2 – This brilliant Mark Manson article, Why We All Need Philosophy. For those who doubt the importance philosophy plays in one’s life please take the time to give this a read. It’s a long read but well worth it! I’ll leave you with one quote from the article below.

“Philosophy teaches us the fundamental techniques for finding meaning and purpose in a world where there is no given meaning, no cosmic purpose. Philosophy gives us tools to determine what is likely to be important and true and what is likely frivolous and made-up. Philosophy shows us principles to help direct our actions, to determine our worth and values, to generate a magnetic field to direct our internal compass, so that we may never feel lost again.”


1 x Silly Thing To Make You Smile:

I’ll start this post by wishing my very silly boy a very happy birthday. He turned exactly 2 years old today!

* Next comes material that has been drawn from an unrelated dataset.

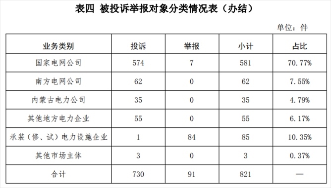 從被投訴舉報對象看,供電企業(yè)733件、占投訴舉報總數(shù)的89.28%,其中國家電網(wǎng)公司581件、占比70.77%,南方電網(wǎng)公司62件、占比7.55%,內蒙古電力公司35件、占比3.65%,其他地方電力企業(yè)55件、占比6.17%;承裝(修、試)電力設施企業(yè)85件、占比10.35%;其他市場主體3件、占比0.37%。

As if to mark the occasion my son began expressing himself in a number of surprising ways this week.

First up he decided to start calling my wife, quote, “big fat mama.” Which would be hilarious if my wife wasn’t exactly 23 weeks pregnant…

Oh wait.

At any rate neither of us know where on earth he picked this unfortunate turn of phrase.

If only that were the worst of it!

During another more shocking episode last night at the dinner table he started shouting, “Ass! Ass!” – two times before laughing to himself.

My wife commented, “where on earth did he learn that from?”

I looked at my wife very seriously while replying, “I honestly don’t know, but I’m sure we can get to the bottom of it.”


Thanks ladies and gentlemen. I’m here all week!

Till next time…

Have a Happy Monday Everybody!

P.S. Don’t forget to exercise your silly muscle this week!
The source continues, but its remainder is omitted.